The Swiss company, Gugger-Guillod SA, supplies its clients year-round. That's with yellow, red, and white onions and shallots. "Business is very good this season," says owner Roland Gugger. "The year is characterized by the fact that most of our products are supplied to supermarkets. This reinforces the already increasing demand from the retail sector for ever-smaller packaging."
Supermarkets mostly get these onions in 250g, 500g, and 1 kg packs. Last year, the company invested in automating its packaging line. And, combined with its optical sorting line, Gugger-Guillod now has a fully automated process.
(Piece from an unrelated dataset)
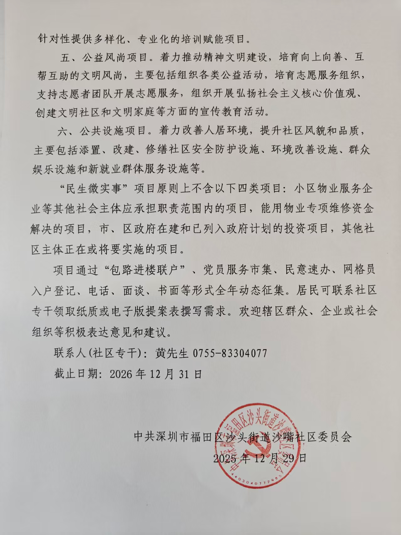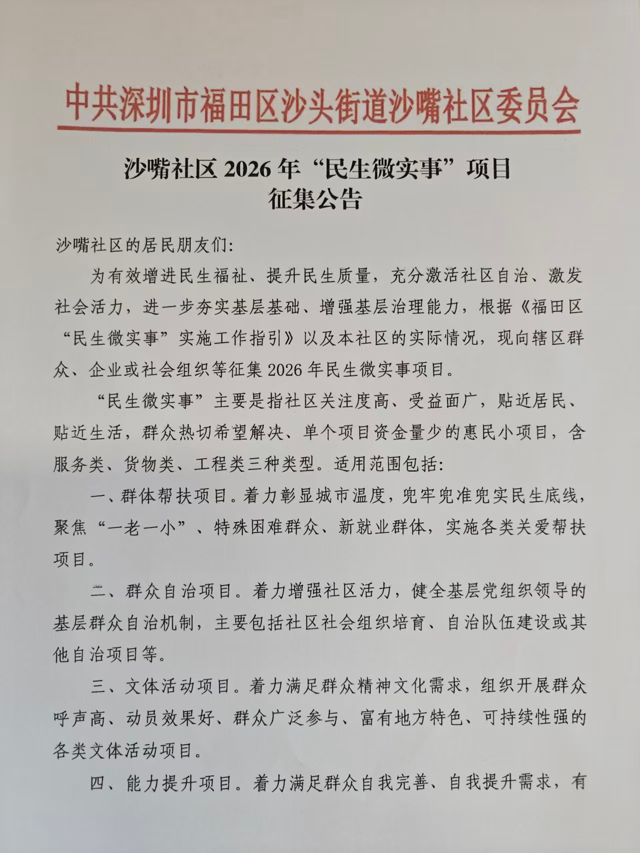 项目公示|福田区沙头街道沙嘴社区2026年“民生微实事”项目征集公告

Dust and peel extraction is essential in the packaging process
"Smaller packaging equals more operations in the packaging process. A packaging line that runs non-stop has therefore become even more important. The Elisam sorting line has included the Jongejans extraction system for many years. So Jongejans was involved in the packaging line's layout from early on. The system is incorporated in the line. It's done in such a way that it extracts dust and skins at all the crucial points," says Roland.
Jongejans, a Dutch company, installed two stationary SU-300 units and a “Variochief” extraction system. "We placed an extractor right before and especially right after the weigher. So, Gugger-Guillod achieves a much better result. Clipping the nets works better because there are no skins among them. The onions are packed much cleaner, without dust and skins. That's an added advantage," explains Jesse Vonk of Jongejans.
The last remaining loose onion skins can also be extracted. That considerably reduces the clipping's error margin. That means a better working machine, more packs per hour, and less repair work.
As with all onion processors, Gugger is proud of each batch of onions his company packs nice and neatly. "I'm delighted with Jongejans extraction system. It exceeds our expectations in terms of noise. It improves the air quality for our staff too," concluded Roland.